Громыхая гигантским обвалом обрушилась темень. Зазвенели колокольцы. Ярко вспыхивая, зароились кругами разноцветные светлячки. Завертелись, закружились, слепя. Колокола оглушают, гудят набатом, бьют, бьют в затылок…
    Далекое-далекое детство… Сон надвигается, укрывает мягко и заботливо уставшие ноги и руки, подбирается к изголовью. Его отгоняют яркие события дня, что вспыхивают на темном экране сомкнутых век. А сон, отступив, подкрадывается опять, неторопливо, незаметно…
    За стеной молится бабушка. Ее монотонный голос пробирается через пуховую подушку, вытесняет мысли, завораживает, помогает всепобеждающему сну.
    Но тот словно чего-то выжидает. Слух напряженно ловит обрывки фраз, слова и держит на расстоянии медлительный сон.
   « Господи, прости мя…»
- Милая бабушка, ну сколько раз можно тебе объяснять: Бога-то нет!
- «Прости и помилуй…»
- Ну за что тебя прощать, такую добрую?
- «Во имя Отца и Сына и Святага Духа…»
- Ну, все. Завтра спрячу иконку так, что не найдешь этот Святой Дух. И никакой Бог тебе не поможет.
- « Помилуй мя, Боже, по велицей милости Твоей и по множеству щедрот Твоих очисти беззаконие мое…»
- Странная молитва какая-то: никогда бабушка ее не читала.
- «Наипаче омый мя от беззакония моего и от греха моего очисти мя, яко беззаконие мое аз знаю и грех мой предо мною есть выну…»
- Да ведь это не бабушкин, а дедушкин голос!
- «Отврати лице Твое от грех моих и вся беззакония моя очисти…»
- Что за чушь: дедушка-то у меня не верующий. Первый комсомолец, ветеран войны, председатель сельсовета. Да и жена его неверующая: колхозница, бригадир-передовик.
- «Сердце чисто созижди во мне, Боже, и дух прав обнови во утробе моей…»
- А другой дедушка на войне без вести пропал. Это его жена – моя бабушка, что каждый день молилась.
- «Избави мя от кровей, Боже, Боже спасения моего…»

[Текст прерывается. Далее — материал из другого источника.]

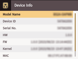 Select DEVICE → More Settings → Device Info and then press OK. You can view the information for Model Name, Device ID, Serial No., HW, FW, Kernel, MAC, and WiFi MAC.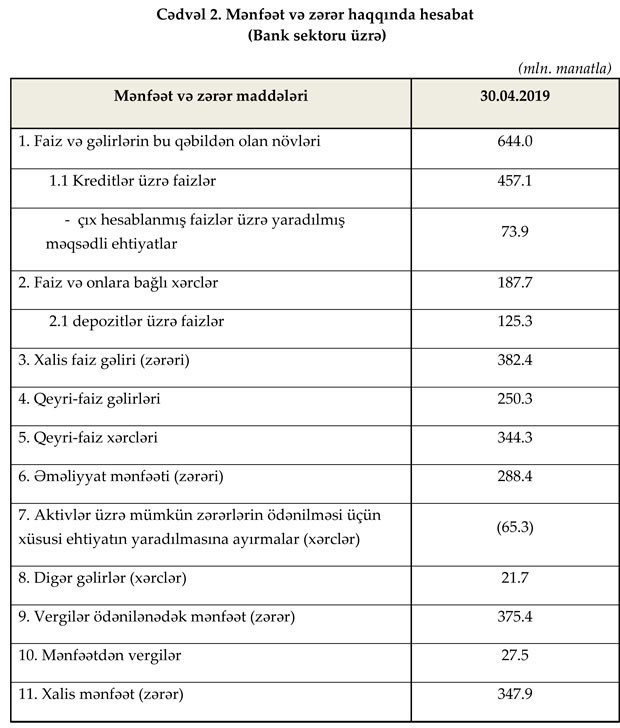 Bank sektoru 2019-cu ilin yanvar-aprel dövrünü 347.9 milyon manat xalis mənfəət ilə başa vurub.Halbuki, sektor ötən ilin eyni dövrünü 57.1 milyon manat xalis zərərlə bağlamışdı. Ötən ilin ilk 4 ayında banklar aktivlər üzrə mümkün zərərlərin ödənilməsi üçün xüsusi ehtiyatın yaradılmasına 242.5 milyon manat ayırmışdılar. Bu ilin eyni dövründə ehtiyatın 65.3 milyon manatı azad olaraq mənfəətə əlavə olunub.

- Так кто же это молится? Сквозь веки пробивается тусклый свет. Незнакомые, недетские запахи. И шум, постоянный шум. Как у порожистой реки. Так я и есть у реки. На рыбалке. В отпуске. В тайге.
    Ничего не понимаю. Открыв глаза, смотрю на незнакомый потолок, слушаю незнакомый голос, незнакомую молитву. Где я?
    Пытаюсь повернуть голову, но боль током блеснула в глазах, вытолкнула из груди стон и вернула память. Пасечник – сволота! Зверь – не человек!
    Пробую встать, но в глазах от боли меркнет свет.
- Ты лежи, мил человек, - раздается рядом голос, - и прости меня грешного.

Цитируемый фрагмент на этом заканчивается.